From a technical perspective, both the About Settings string and the regulatory info graphics asset are built-in resources of the Android Settings app. Though system developers are encouraged to create device overlays that mimic the file system path layout of the target Android package without modifying the actual source code, the resources are substituted at build time, it still ends up with diverse system images for each build targets, and the increasing maintenance effort as more devices need to be supported.

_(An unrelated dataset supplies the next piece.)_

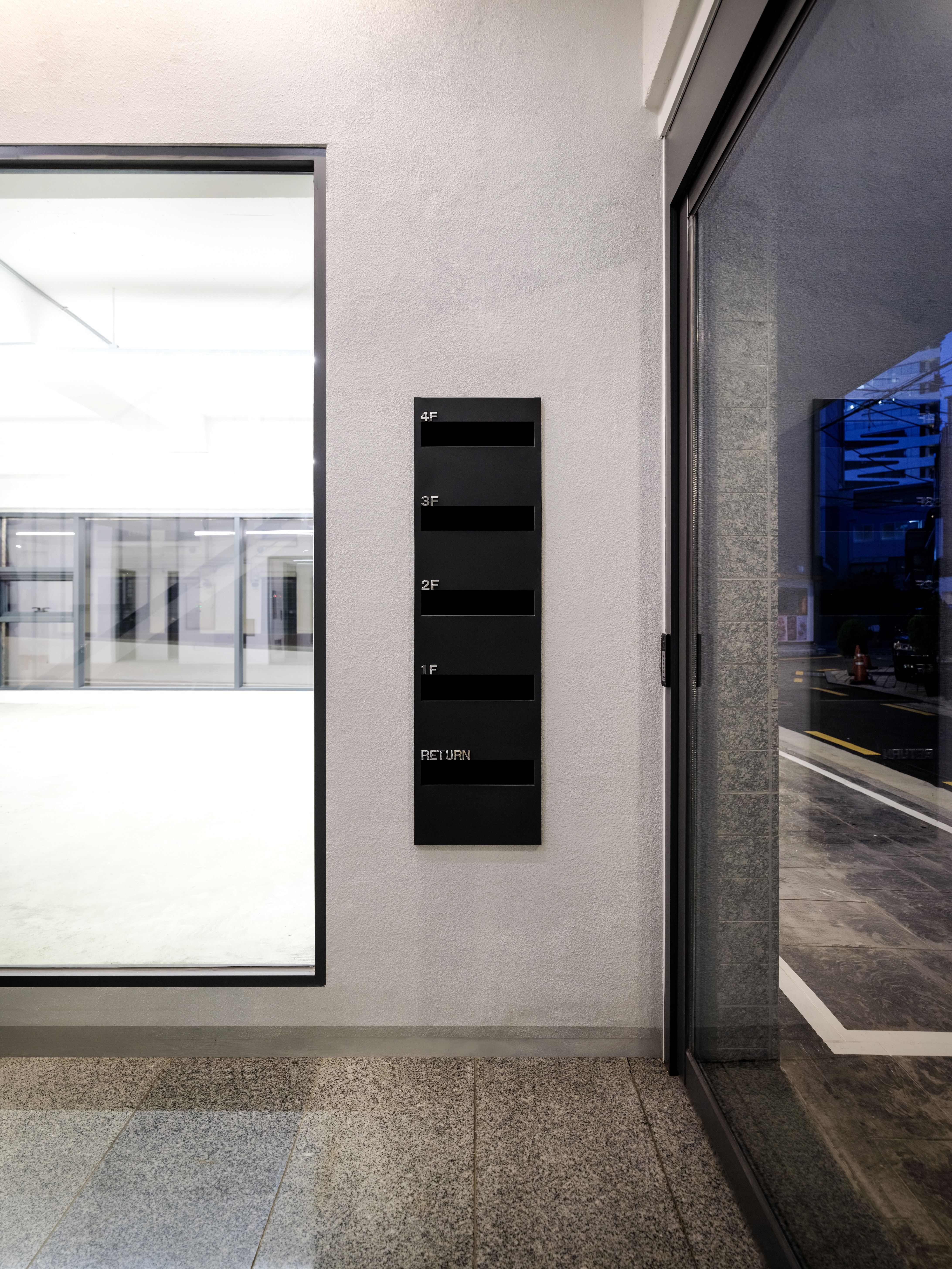 입면 분절은 층별 면적 변화에 맞춰 점증적 논리로 설계되었다. 수평선을 나누는 후레싱에 깊이를 주어 빛이 만든 그림자가 시간에 따라 변주되도록 했고, 동일한 석재를 버너구이와 연마 방식으로 교차 적용해 작은 건물이 가질 수 있는 단조로움을 섬세한 리듬으로 치환했다. 석재 판재의 홈파기(메지 절삭) 역시 빛의 반사로 미세한 물결감을 만들며 입면의 깊이를 더한다.

With the new Android Runtime Resource Overlay (RRO) framework, OEMs are able to share a single Android system image amongst several device models, as the RRO framework provide the ability to replace application resources at runtime. This article will walk the reader through a practical example showing how to customize the regulatory information screen shown by the Android Settings application on a MinnowBoard* MAX board running the Android-IA build.

RRO Introduction

In Android apps, resources are additional files that contain integers, strings, bitmaps, and layout definitions, etc. to be used by the Java code. Since resources are externalized from the application code, an Android app can change its look and feel dynamically depending on the device current configuration such as the user locale, screen size or orientation, because the app accesses its resources by referencing the resource IDs, and Android has implemented a resource lookup system that uses the current device configuration to map a resource ID to the compiled binary blob of the best-match resource amongst all alternative resources.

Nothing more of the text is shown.